Write out exactly the lines between the line containing "グランチェック×ネイビーペイズリーのおリボン。" and the end of the records, counting both ends, and leave out all pictures.

Stored items from a collection:

- - - - - - -

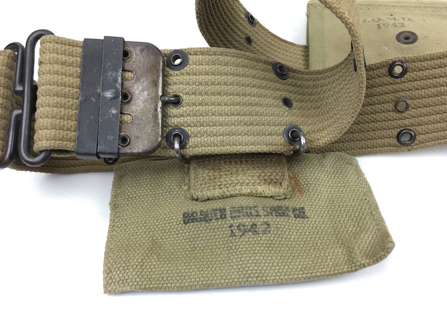 6/5/19 – This is an original WW2 U.S. Utility Belt, M1 Carbine dual magazine pouch and first aid pouch. These were issued to soldiers during WW2. The canvas belt is in excellent condition with an exterior “U.S.” ink stamp. The interior of the belt is maker stamped B.M. CO. Each pouch is ink stamped US and 1942 with maker stamps. The belt is completely in tact with no issues, rust, or pitting. All stitching, rivets, buckles and snaps are complete and functional.
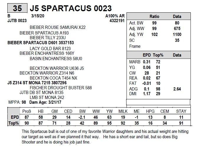 This Spartacus bull is out of one of my favorite Warrior daughters and his actual weight are hitting our target as well as if we planned it that way. He has a short ear and tail, but so does Big Shooter and he is doing his job just fine.
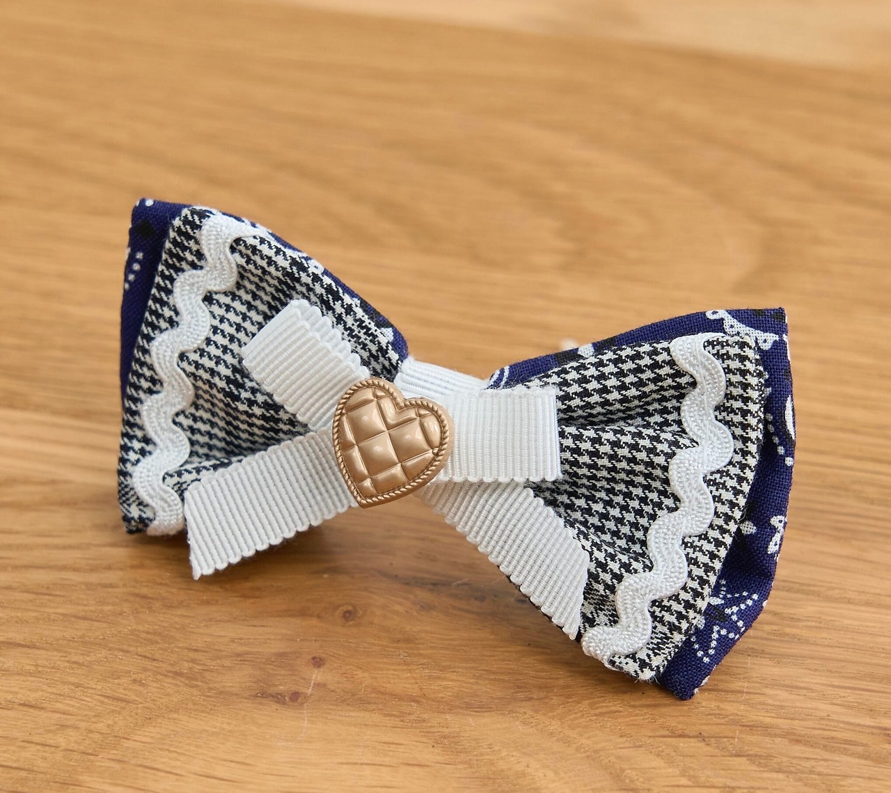 グランチェック×ネイビーペイズリーのおリボン。
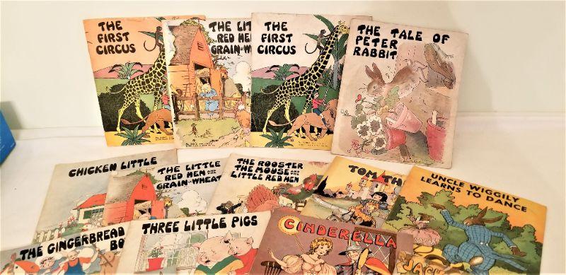 These 15 books were published by Platt & Munk between 1915 and 1939. Includes Uncle Wiggley, Tom Thumb, Cinderella, Chicken Little, and many others. Each measures 8" x 7". Good vintage condition. These retail for around $10.00 each.
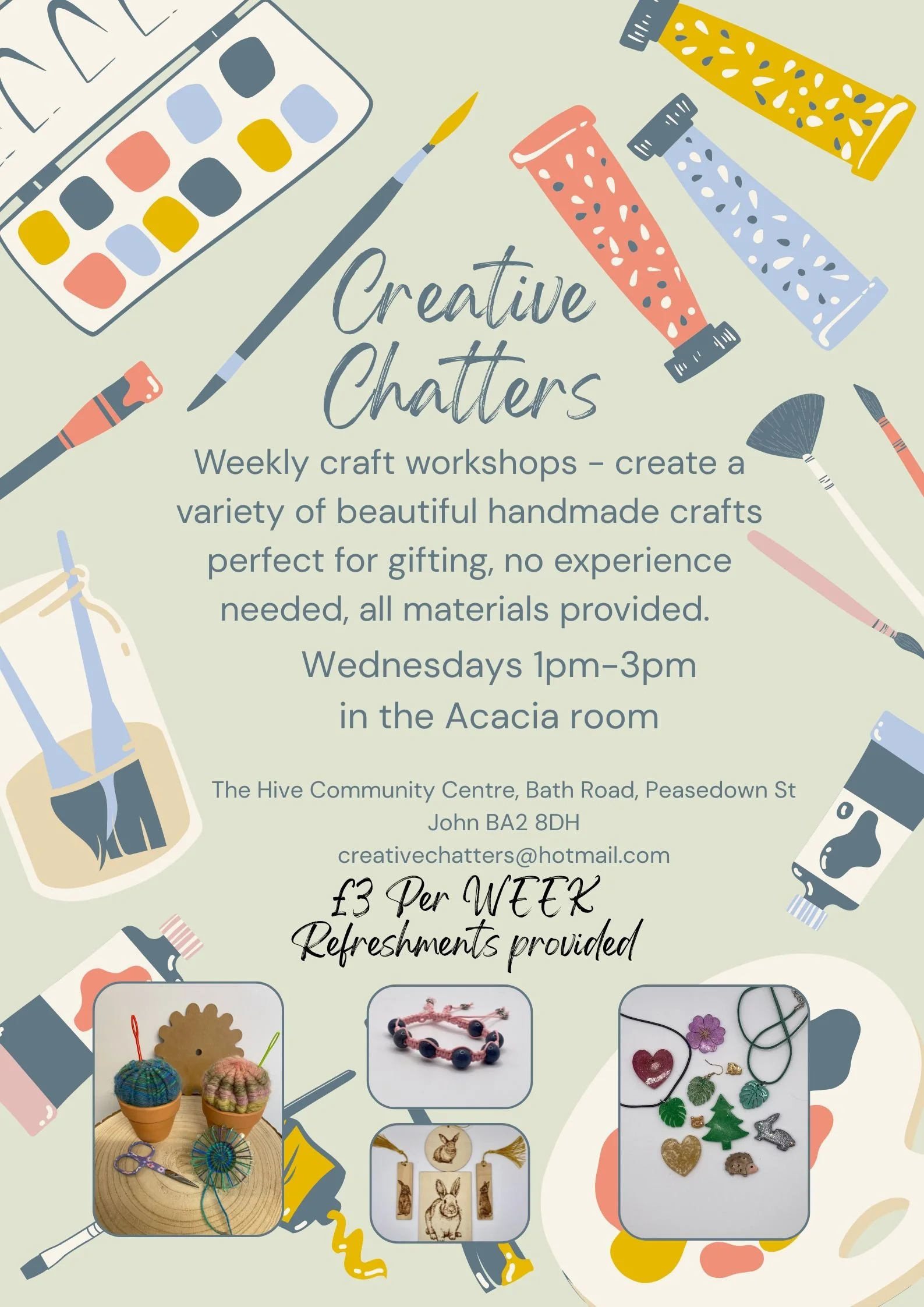 Weekly craft workshops - create a variety of beautiful handmade crafts perfect for gifting, no experience needed, all materials provided. Cost: £3 per week.

- - - - - - -

• EXERCISE SOLUTION:
 グランチェック×ネイビーペイズリーのおリボン。
 These 15 books were published by Platt & Munk between 1915 and 1939. Includes Uncle Wiggley, Tom Thumb, Cinderella, Chicken Little, and many others. Each measures 8" x 7". Good vintage condition. These retail for around $10.00 each.
 Weekly craft workshops - create a variety of beautiful handmade crafts perfect for gifting, no experience needed, all materials provided. Cost: £3 per week.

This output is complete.